What you have to do:
An exact copy of all the data is needed, with every picture left out.

Data segment:
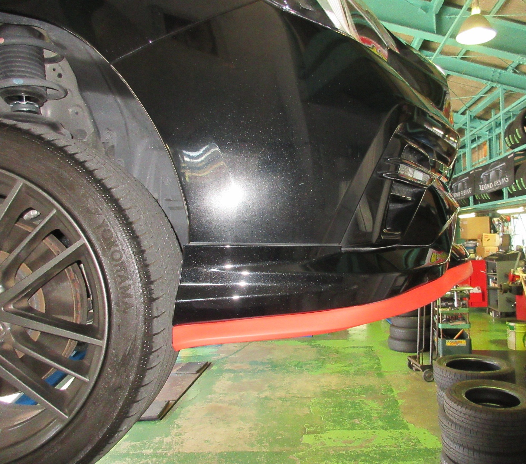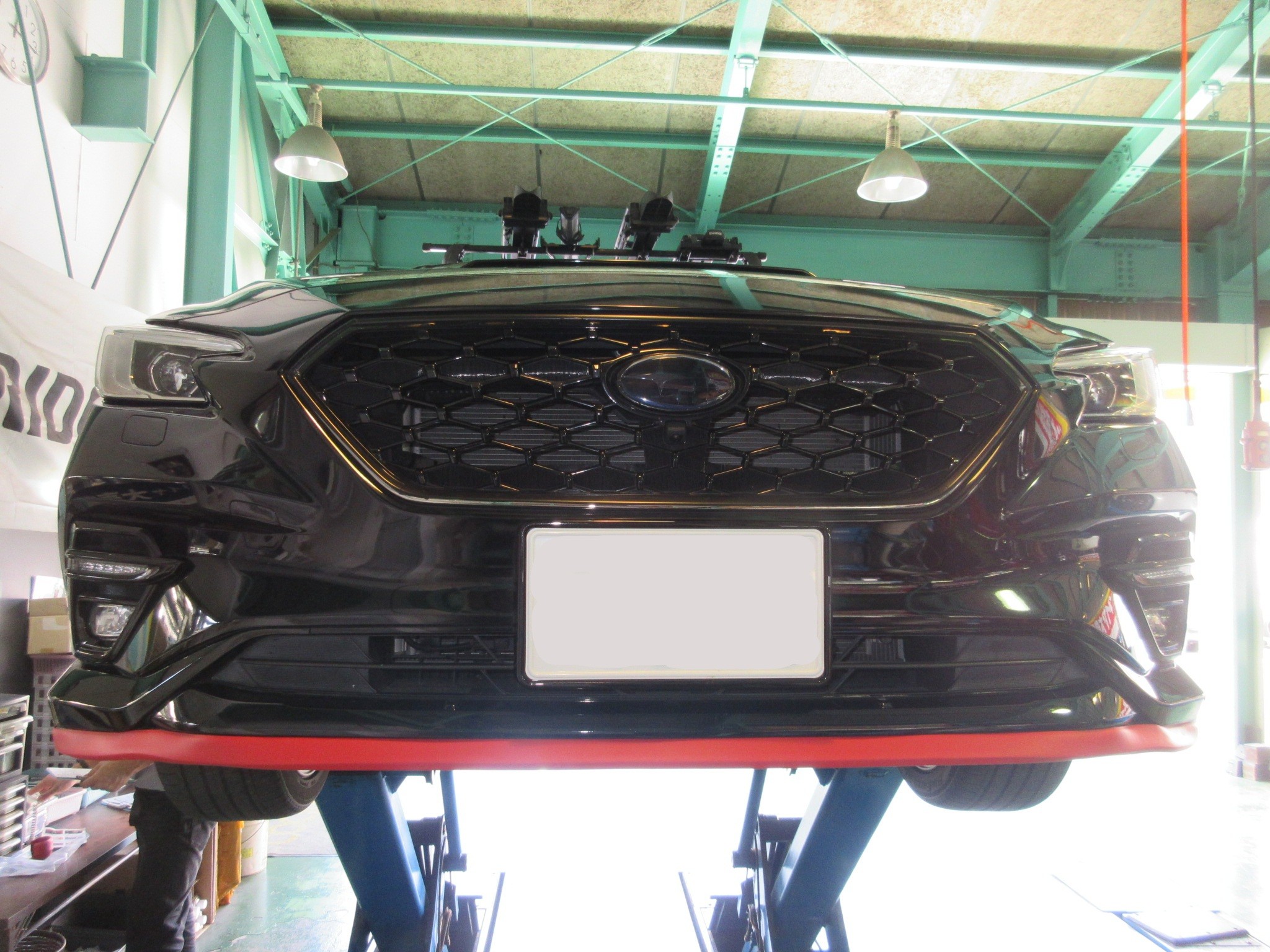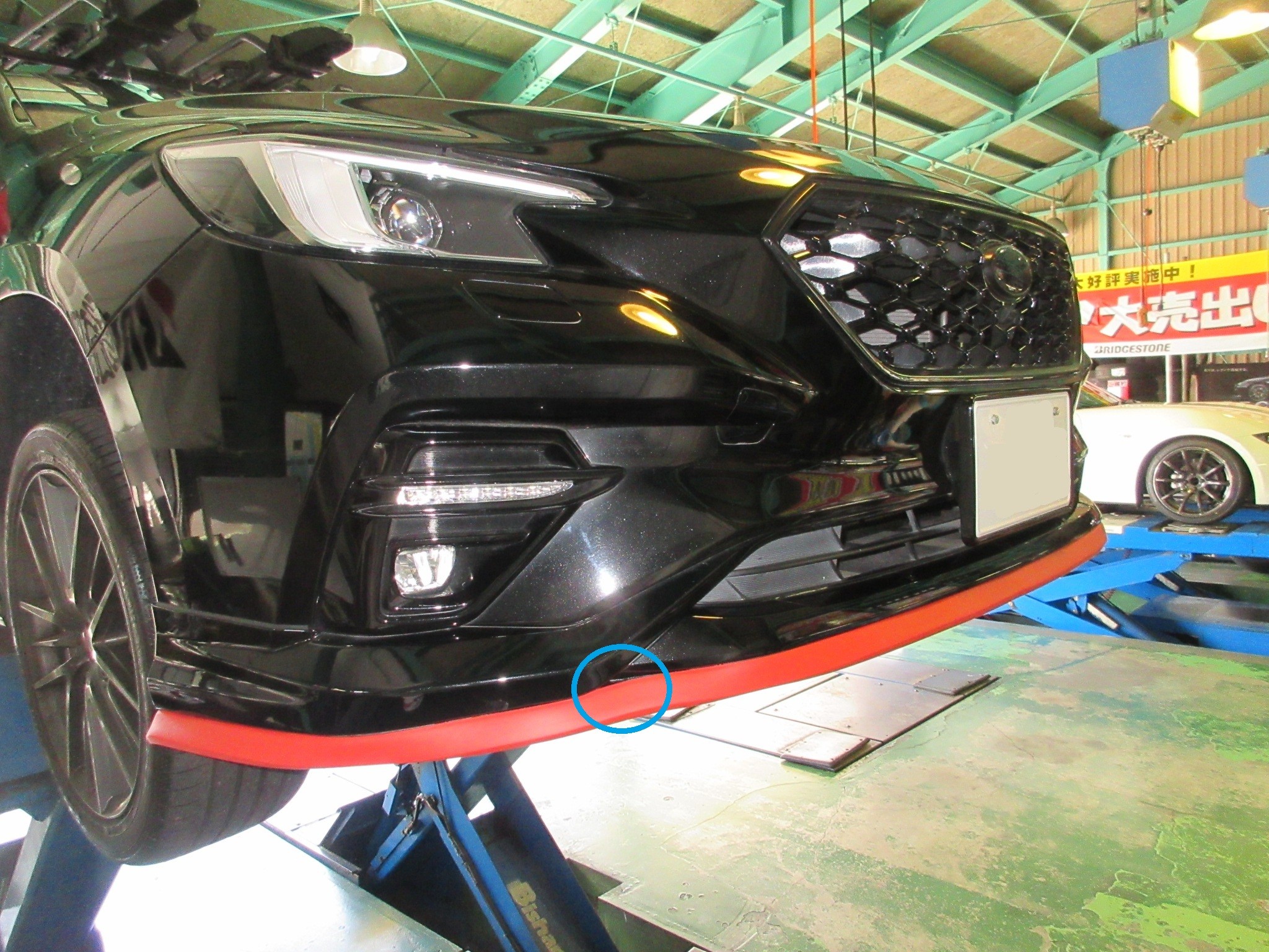VNレヴォーグのフロントバンパー下端にイージーリップを取り付けて、フロントにアクセントを加えます。
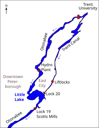 Peterborough is about 50 kilometres (31 mi) north of Lake Ontario and south of the Kawartha Lakes. The Otonabee River flows down from the Kawartha Lakes through Peterborough, where it is joined by Jackson creek at Little Lake, and continues south to Rice Lake. From there the Trent River leads to Lake Ontario.[1] The Otonabee River drops by 144 feet (44 m) from Katchewanooka Lake to Little Lake.[2] The Trent Canal leaves the Otonabee River upstream from Little Lake and runs parallel to the river, then rejoins it in Little Lake. With the Otonabee to the west and the canal to the east, the district of Peterborough known as East City is an island.[3]
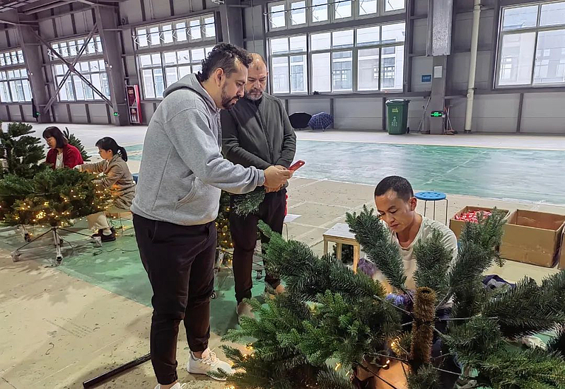 与此同时,在陕西汉元新材料科技有限公司的生产厂房内,负责加工圣诞树的机器正隆隆作响,为2024年的生产销售工作做准备。

Solution:
VNレヴォーグのフロントバンパー下端にイージーリップを取り付けて、フロントにアクセントを加えます。
 Peterborough is about 50 kilometres (31 mi) north of Lake Ontario and south of the Kawartha Lakes. The Otonabee River flows down from the Kawartha Lakes through Peterborough, where it is joined by Jackson creek at Little Lake, and continues south to Rice Lake. From there the Trent River leads to Lake Ontario.[1] The Otonabee River drops by 144 feet (44 m) from Katchewanooka Lake to Little Lake.[2] The Trent Canal leaves the Otonabee River upstream from Little Lake and runs parallel to the river, then rejoins it in Little Lake. With the Otonabee to the west and the canal to the east, the district of Peterborough known as East City is an island.[3]
 与此同时,在陕西汉元新材料科技有限公司的生产厂房内,负责加工圣诞树的机器正隆隆作响,为2024年的生产销售工作做准备。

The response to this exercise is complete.